Last week, I picked up a lovely neon-coloured Nintendo Switch. It’s the first time I’ve bought a console so close to launch, and I’m usually more pragmatic before committing to purchasing a piece of hardware, but two things about the console really made me want to check it out. The first was the positive response surrounding Zelda: Breath of the Wild. While it sounded like a fun adventure game in it’s own right, I became very interested after hearing conversations about the different systems of the game interacting in interesting ways. I’m a Zelda fan, and it sounded like a good Zelda game. Secondly, I bought a New 3DS about two years ago, and I really love it. The Switch, while touted as a console/handheld hybrid, seemed to me to be primarily a handheld, and that made me want to check it out more so than it being a TV console. Also, and perhaps the main reason that tipped me over to buying the Switch, is that I’m 30 and my wife and I don’t have children. We can afford to buy toys for ourselves sometimes.

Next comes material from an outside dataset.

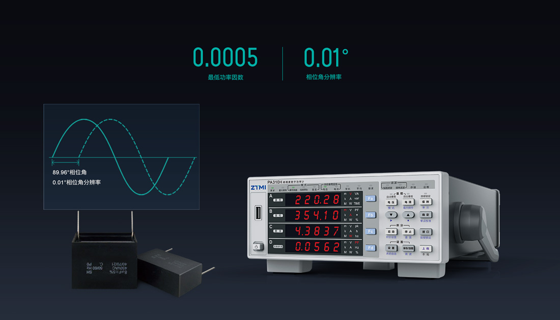 PA300系列數(shù)字功率計(jì)采用100MHz同步時(shí)鐘,相角分辨率高達(dá)0.01°。即使在低至0.0005的功率因數(shù)下仍能保證0.1%的高測(cè)量精度。

Initially I had been very skeptical of the Switch. It looked to me to be something that would have been popular and cutting-edge back in 2012. From the 720p screen with large screen-bezels, to reports of 30 fps caps and limited internet functionality in the typical vein of out-of-touch Nintendo; this seemed very much to be portable technology that had been left in the dust years ago by the mobile phone and tablet industry. On announcement of the Switch, I thought that everyone already had something better; whether that be the 1080p smart devices in most of our pockets, the 2K/IPS tablets many people use on a daily basis, or our consoles and/or PCs already attached either to giant TVs or LCD panels on our desks. Nintendo has it’s dedicated fans, but what about the Switch would make the general public want to buy it?

However, the biggest revelation for me was actually using the Switch for the first time, and realising how forward thinking its central design actually is. This is a device that I want all my other devices in the future to model themselves after. Except for the use of Friend Codes. Oh, Nintendo!